PROVIDED ENTRIES →
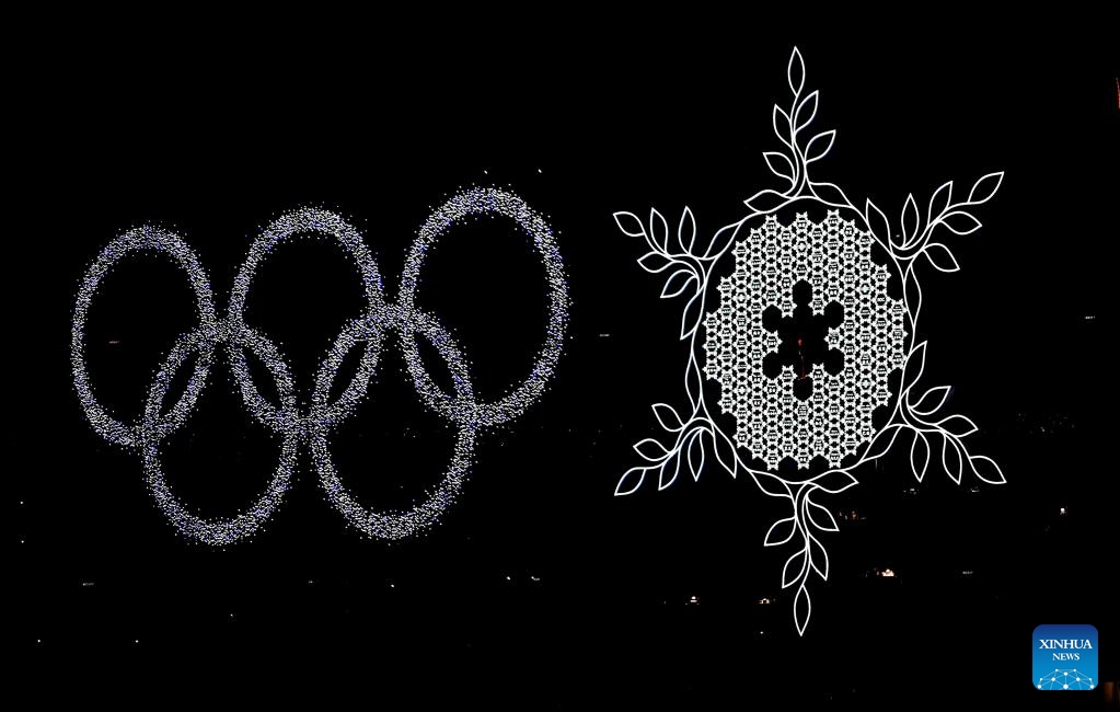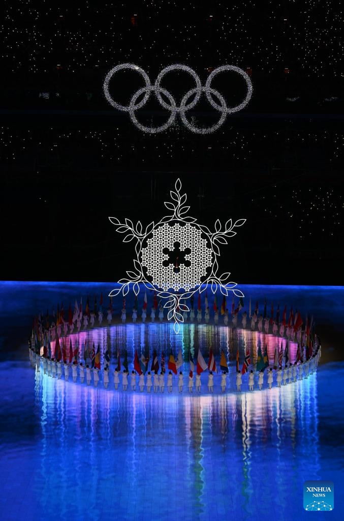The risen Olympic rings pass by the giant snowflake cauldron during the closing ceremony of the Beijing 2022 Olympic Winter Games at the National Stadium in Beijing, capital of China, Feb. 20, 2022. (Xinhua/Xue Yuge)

==

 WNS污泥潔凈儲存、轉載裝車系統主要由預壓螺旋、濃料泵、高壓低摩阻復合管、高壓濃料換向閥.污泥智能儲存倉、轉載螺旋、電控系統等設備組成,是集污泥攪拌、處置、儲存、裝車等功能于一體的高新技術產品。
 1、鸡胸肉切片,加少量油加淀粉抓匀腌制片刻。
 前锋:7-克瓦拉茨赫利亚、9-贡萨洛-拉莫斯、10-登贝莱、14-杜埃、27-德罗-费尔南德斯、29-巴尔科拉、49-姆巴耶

WHAT YOU SHOULD DO →
Take exactly the lines from the one containing "1、鸡胸肉切片,加少量油加淀粉抓匀腌制片刻。" through the one containing "前锋:7-克瓦拉茨赫利亚、9" in the data above, and output them with nothing added.

RESULT BELOW →
 1、鸡胸肉切片,加少量油加淀粉抓匀腌制片刻。
 前锋:7-克瓦拉茨赫利亚、9-贡萨洛-拉莫斯、10-登贝莱、14-杜埃、27-德罗-费尔南德斯、29-巴尔科拉、49-姆巴耶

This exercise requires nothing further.